[Dataset entries]
▬▬▬

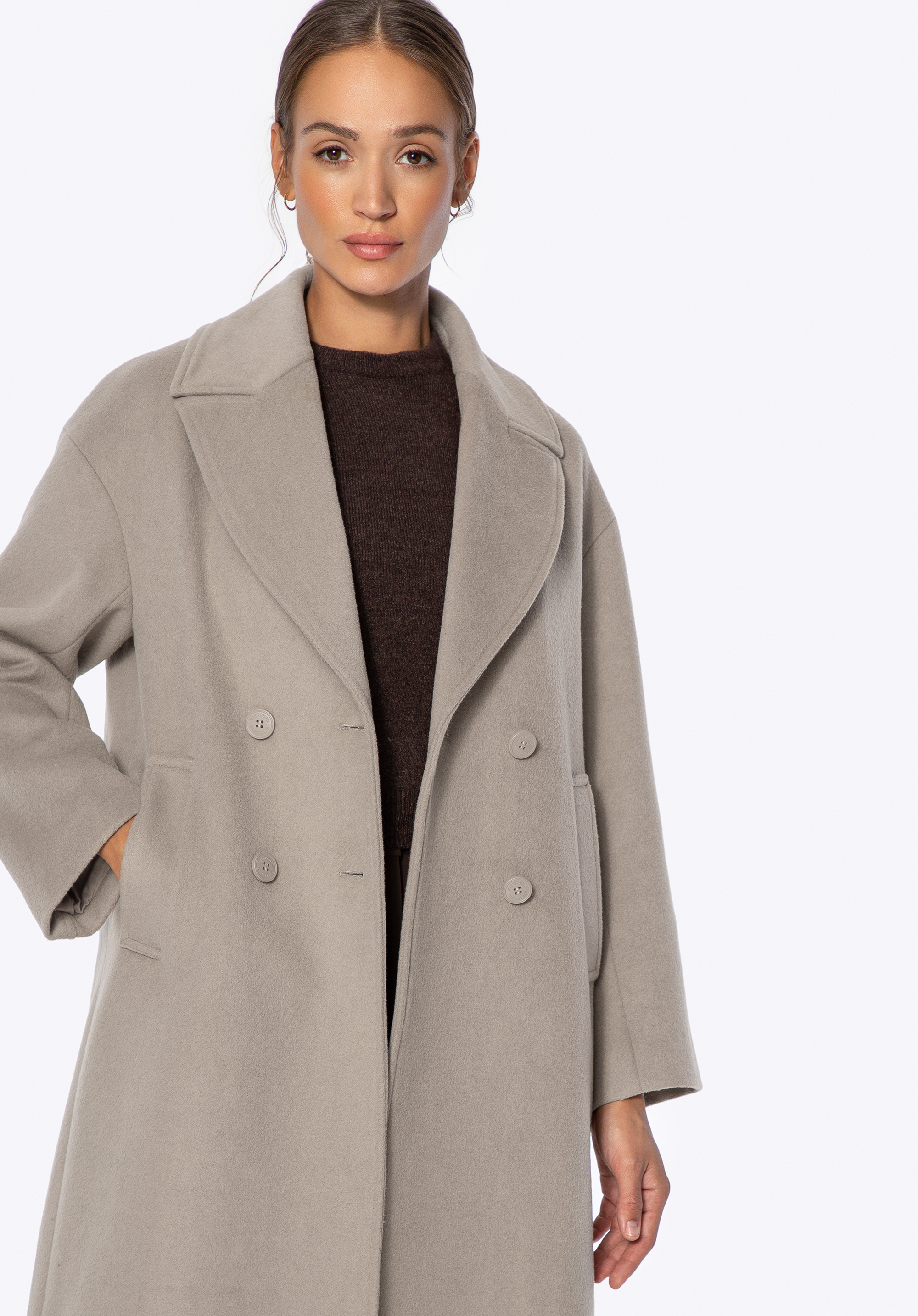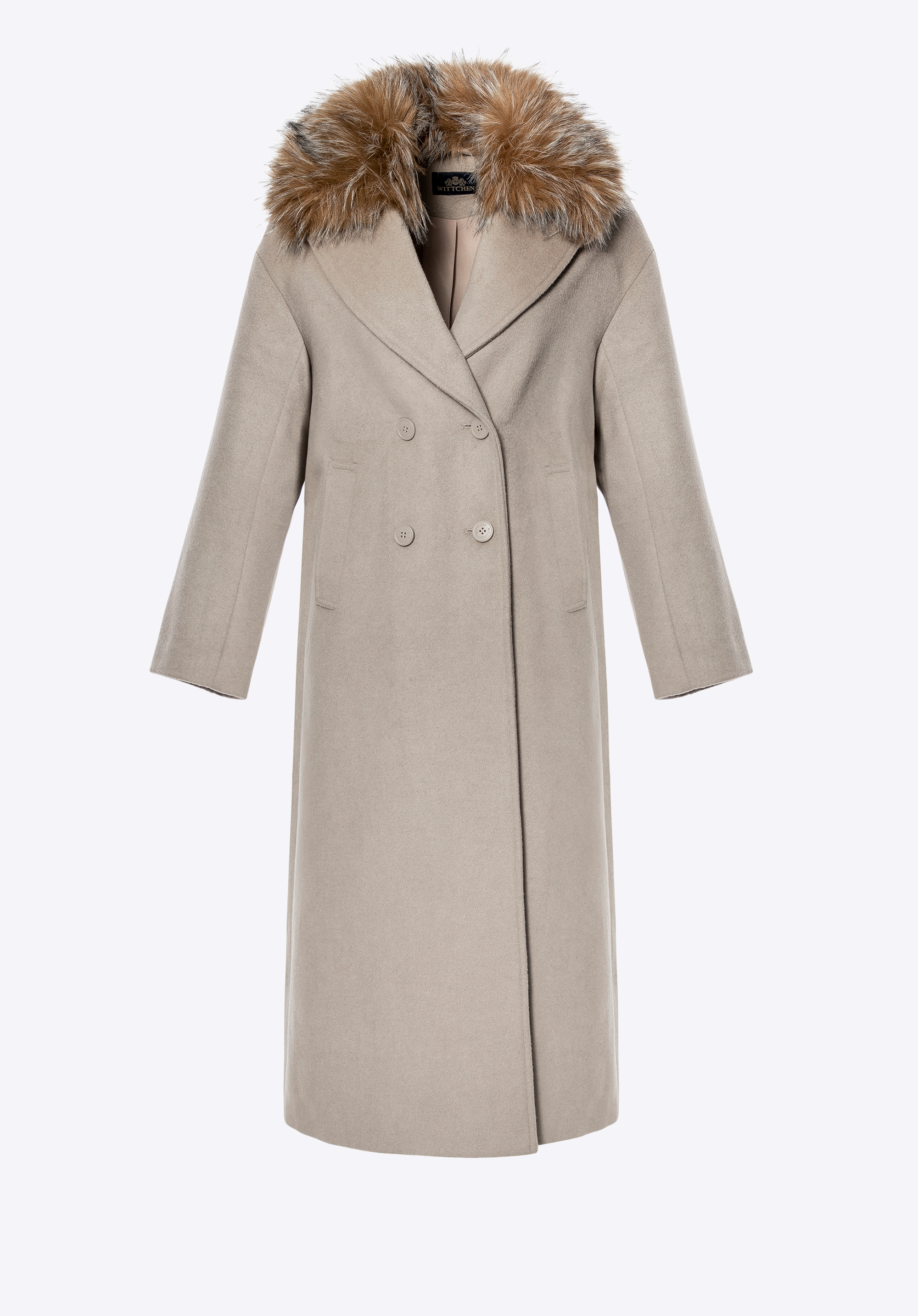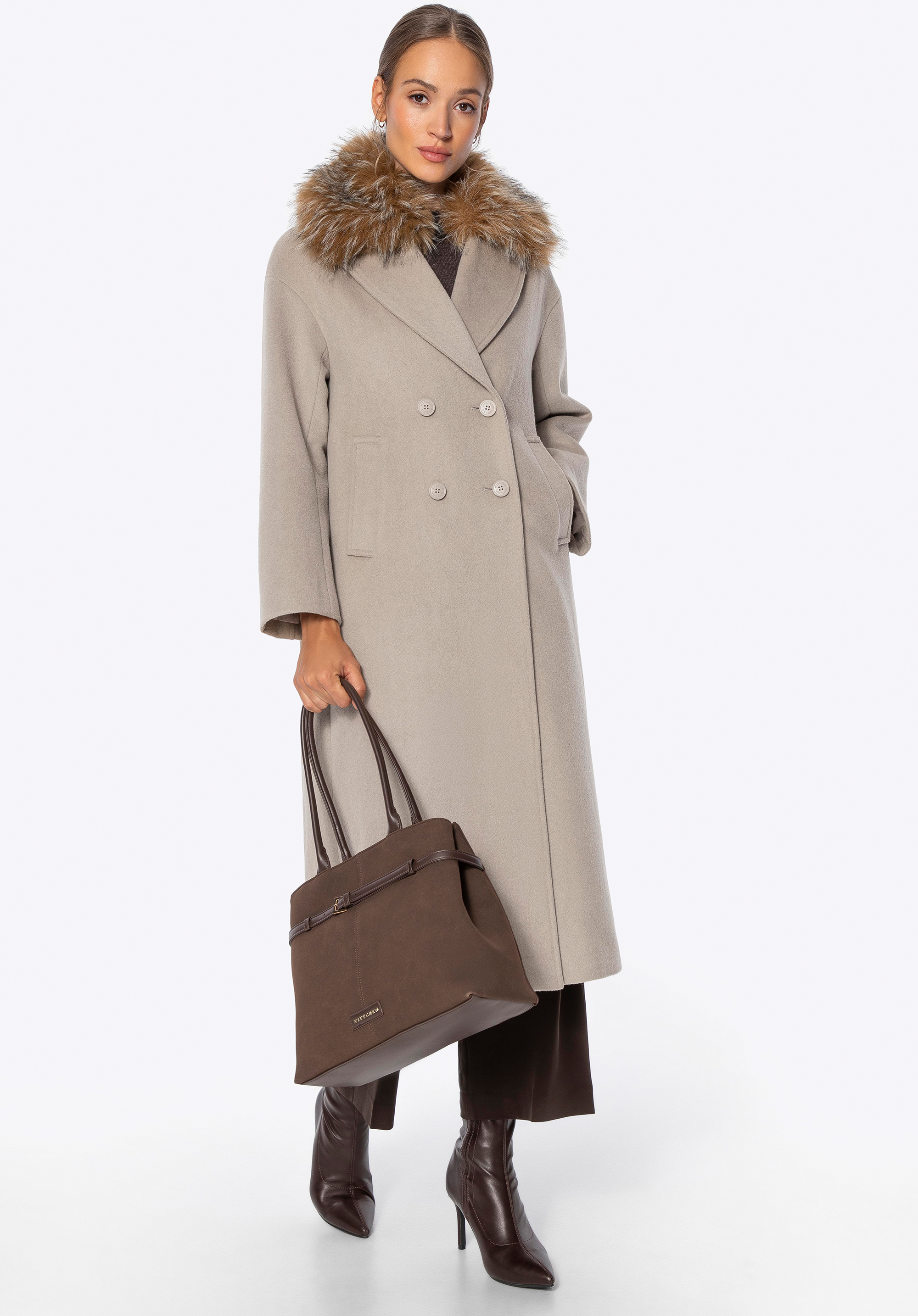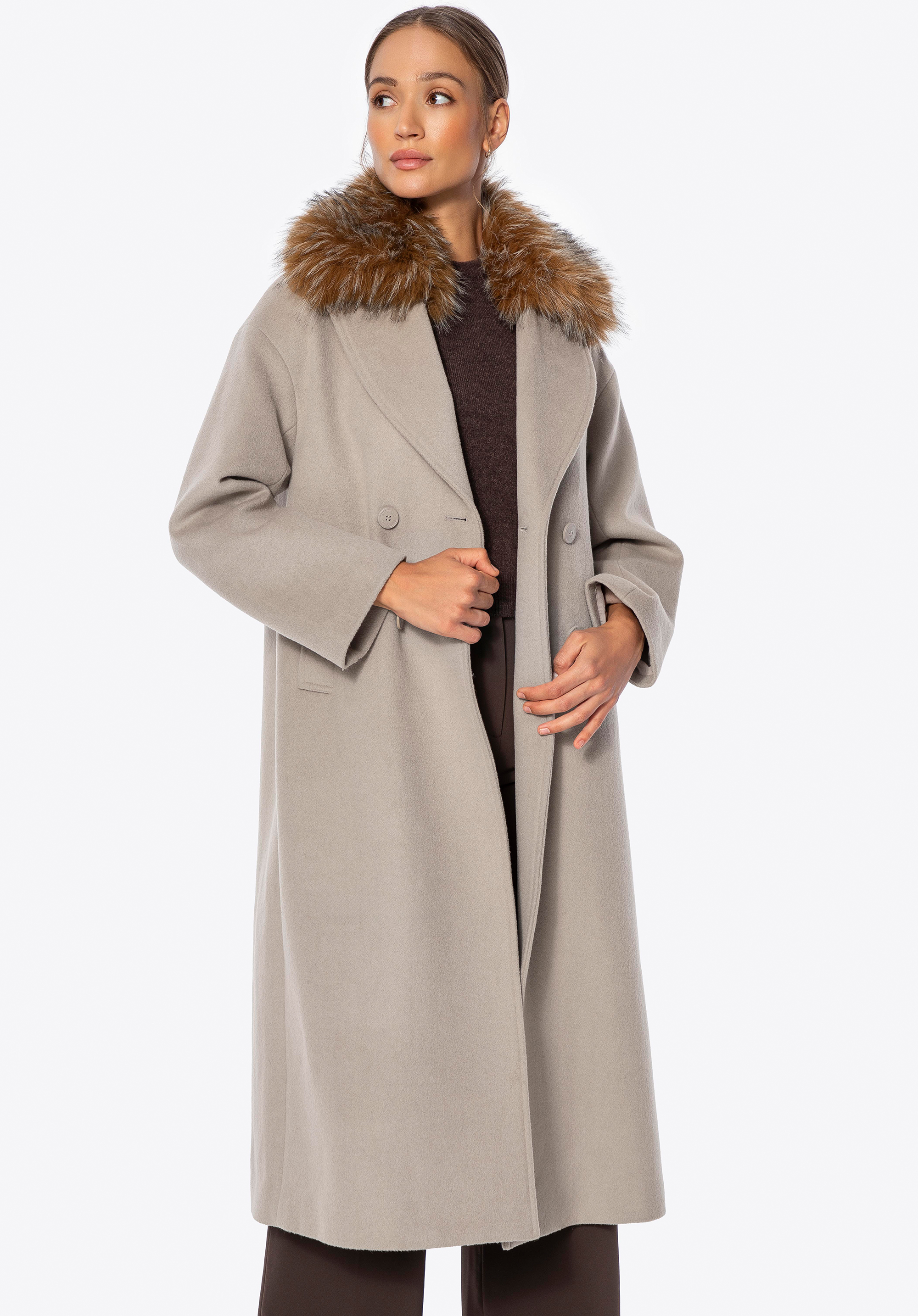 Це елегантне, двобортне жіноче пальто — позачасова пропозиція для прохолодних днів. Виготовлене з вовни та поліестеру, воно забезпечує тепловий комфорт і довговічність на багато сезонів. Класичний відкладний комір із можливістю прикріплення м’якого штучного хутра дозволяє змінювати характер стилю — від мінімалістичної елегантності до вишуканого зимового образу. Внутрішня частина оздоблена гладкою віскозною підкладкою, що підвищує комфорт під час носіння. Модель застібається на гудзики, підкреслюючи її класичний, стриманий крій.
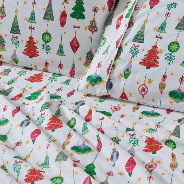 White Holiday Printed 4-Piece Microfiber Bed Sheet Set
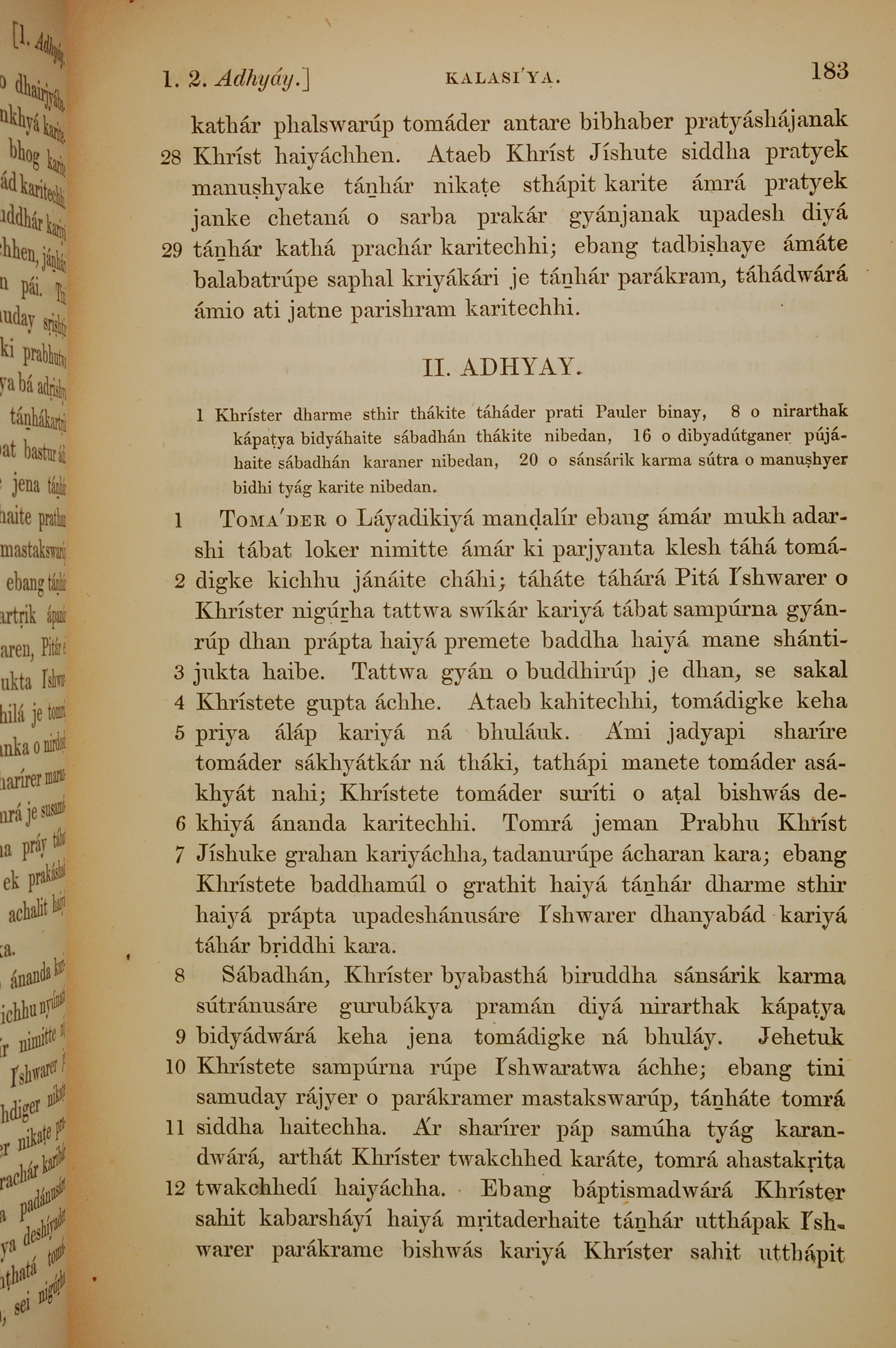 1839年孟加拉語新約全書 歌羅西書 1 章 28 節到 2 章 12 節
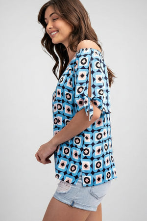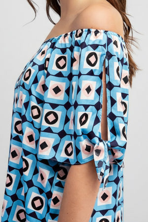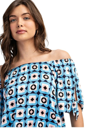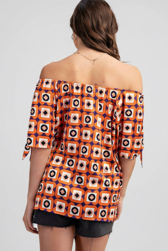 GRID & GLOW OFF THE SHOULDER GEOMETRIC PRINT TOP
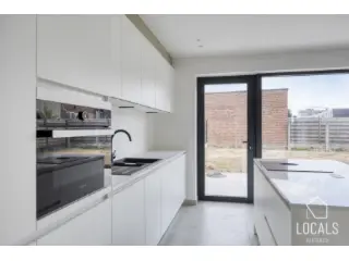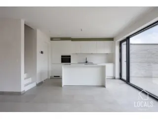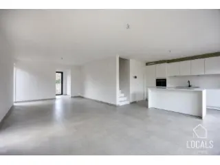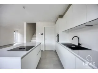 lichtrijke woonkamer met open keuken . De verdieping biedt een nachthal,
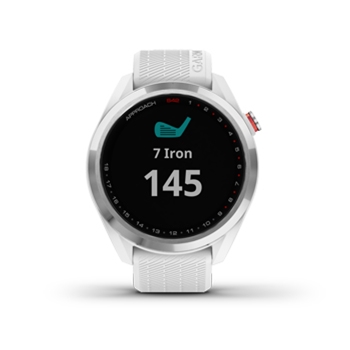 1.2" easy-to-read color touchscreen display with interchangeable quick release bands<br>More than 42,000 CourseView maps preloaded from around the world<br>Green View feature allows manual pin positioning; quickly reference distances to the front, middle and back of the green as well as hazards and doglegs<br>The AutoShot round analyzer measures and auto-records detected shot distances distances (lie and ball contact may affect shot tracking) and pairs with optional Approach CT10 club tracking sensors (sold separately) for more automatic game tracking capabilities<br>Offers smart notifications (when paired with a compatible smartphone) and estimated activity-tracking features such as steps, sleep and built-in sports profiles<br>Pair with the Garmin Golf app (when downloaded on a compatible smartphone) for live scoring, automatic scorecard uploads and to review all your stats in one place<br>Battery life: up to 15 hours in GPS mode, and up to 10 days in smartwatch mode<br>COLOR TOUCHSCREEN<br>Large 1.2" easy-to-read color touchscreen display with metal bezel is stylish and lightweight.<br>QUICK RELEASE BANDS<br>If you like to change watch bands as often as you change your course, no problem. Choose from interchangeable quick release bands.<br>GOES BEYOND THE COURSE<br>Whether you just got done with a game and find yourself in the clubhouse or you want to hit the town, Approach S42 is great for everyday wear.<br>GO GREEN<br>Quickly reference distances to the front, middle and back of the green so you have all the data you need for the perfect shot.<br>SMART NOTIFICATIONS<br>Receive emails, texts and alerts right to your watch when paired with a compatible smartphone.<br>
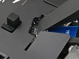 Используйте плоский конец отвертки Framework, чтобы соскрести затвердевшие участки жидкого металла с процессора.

▬▬▬

Both boundary lines included, write out word for word only the lines above from the one containing "White Holiday Printed" to the one containing "lichtrijke woonkamer met", leaving out any pictures.

 White Holiday Printed 4-Piece Microfiber Bed Sheet Set
 1839年孟加拉語新約全書 歌羅西書 1 章 28 節到 2 章 12 節
 GRID & GLOW OFF THE SHOULDER GEOMETRIC PRINT TOP
 lichtrijke woonkamer met open keuken . De verdieping biedt een nachthal,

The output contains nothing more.